# Hop rhizomes - where do you get them?



## JensenDK (10/3/17)

Hello and greetings from the "old world"!
- Denmark in particular. 

I came across this thread listing some of the hops people here recommend for single hop IPA.

Some of these hops seem to be AUS specific(?). At least they are not available as rhizomes through the usual sources (1,2,3) here in the EU.

List of hops: Victoria, Ella, Yob, Nelson Sauvin, Riwaka, Zythos, Falconer's Flight, Motoeka, elDorado.

Some of these are probably patented or trademarked?

As I am planning a little hop garden, and would like something "different", I was wondering where people here get these hop rhizomes?

Cheers

Mark


----------



## barls (10/3/17)

falconers is a blend of hops so not a single plant.
some of the others are proprietary hops.


----------



## good4whatAlesU (11/3/17)

Hi JDK

Importing / exporting hops overseas is quite a complicated process and regulated by quarantine authorities in both countries. Don't do it without going through quarantine or you may find yourself in big trouble.

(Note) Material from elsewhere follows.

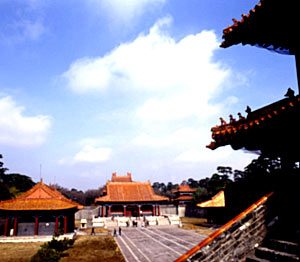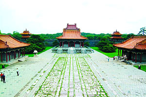 再向北便是城堡式的方城。南面的正中是隆恩门,上建三层歇山式的门楼建筑。方城的四角各有一座角楼,城内正中是坐落在须弥座式大台基上的隆恩殿,是单檐歇山式,殿内供奉着木主神牌,殿前有焚帛楼,殿的东西两侧各有配殿五楹。殿的后边有洞门,洞门之上建有重檐歇山式的大明楼,中间立有“太祖高皇帝之陵”的石碑。方城内的建筑,屋顶都铺有黄琉璃瓦,廊柱是朱红地仗,梁枋间都是“和玺”壁画。方城之后是月牙城。前壁的正中有琉璃一座照壁,其后是圆形的宝城。宝城的正中是圆形的宝顶,下面就是埋葬灵枢的地宫。福陵的周围,河流环绕,山岗拱卫,望去气势宏伟,景色幽雅,风景优胜。清人高士奇曾有诗云:“回瞻苍霭合,俯瞰曲流通。地是排云上,天因列柱崇。”正是这里风光的具体写照。“天柱排青”是著名的沈阳八景之一。

Domestically in Australia, several nurseries sell hop plants and rhizomes (the ones that are not under varietal protection, or under licence from the owner). But none of them can be sent overseas without going through the quarantine process.


----------



## DU99 (11/3/17)

you could try the united states there about to sell hop rhizomes in the next week or so..


----------



## koshari (4/6/17)

what’s the consensus on how long you can leave hop rhizomes in the frig before planting them?


----------



## captain crumpet (5/6/17)

What is this yob hop?


----------